• TASK ITEM: Would you repeat word for word the lines of the listing that follows, from the one with "от 07.02.2026 г." up to and including the one with "海間藍款:靈感源自蔚藍海岸與", and leave out the images?

• INFORMATION SUPPLIED:

-- Opening Marker --

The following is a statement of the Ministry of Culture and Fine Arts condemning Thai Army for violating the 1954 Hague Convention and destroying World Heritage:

-- Closing Marker --
-- Opening Marker --

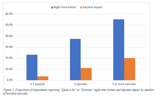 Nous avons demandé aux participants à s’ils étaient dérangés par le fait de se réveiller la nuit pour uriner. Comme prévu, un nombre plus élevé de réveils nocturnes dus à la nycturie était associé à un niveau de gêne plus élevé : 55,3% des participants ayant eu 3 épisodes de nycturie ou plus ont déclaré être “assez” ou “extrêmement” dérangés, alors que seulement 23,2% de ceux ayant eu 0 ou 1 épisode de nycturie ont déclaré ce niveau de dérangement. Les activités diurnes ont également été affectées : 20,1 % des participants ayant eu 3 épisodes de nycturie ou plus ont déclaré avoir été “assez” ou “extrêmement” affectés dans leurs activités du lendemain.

-- Closing Marker --
-- Opening Marker --

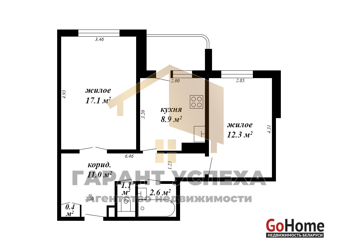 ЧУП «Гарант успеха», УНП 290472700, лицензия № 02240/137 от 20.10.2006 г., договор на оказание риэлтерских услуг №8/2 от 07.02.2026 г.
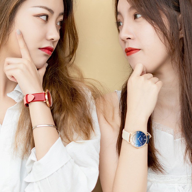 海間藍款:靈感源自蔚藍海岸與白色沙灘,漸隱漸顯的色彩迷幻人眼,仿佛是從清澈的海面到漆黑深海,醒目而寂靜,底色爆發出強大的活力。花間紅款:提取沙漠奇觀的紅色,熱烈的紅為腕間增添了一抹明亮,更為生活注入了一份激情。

-- Closing Marker --

• OUTPUT OF THE EXERCISE:
 ЧУП «Гарант успеха», УНП 290472700, лицензия № 02240/137 от 20.10.2006 г., договор на оказание риэлтерских услуг №8/2 от 07.02.2026 г.
 海間藍款:靈感源自蔚藍海岸與白色沙灘,漸隱漸顯的色彩迷幻人眼,仿佛是從清澈的海面到漆黑深海,醒目而寂靜,底色爆發出強大的活力。花間紅款:提取沙漠奇觀的紅色,熱烈的紅為腕間增添了一抹明亮,更為生活注入了一份激情。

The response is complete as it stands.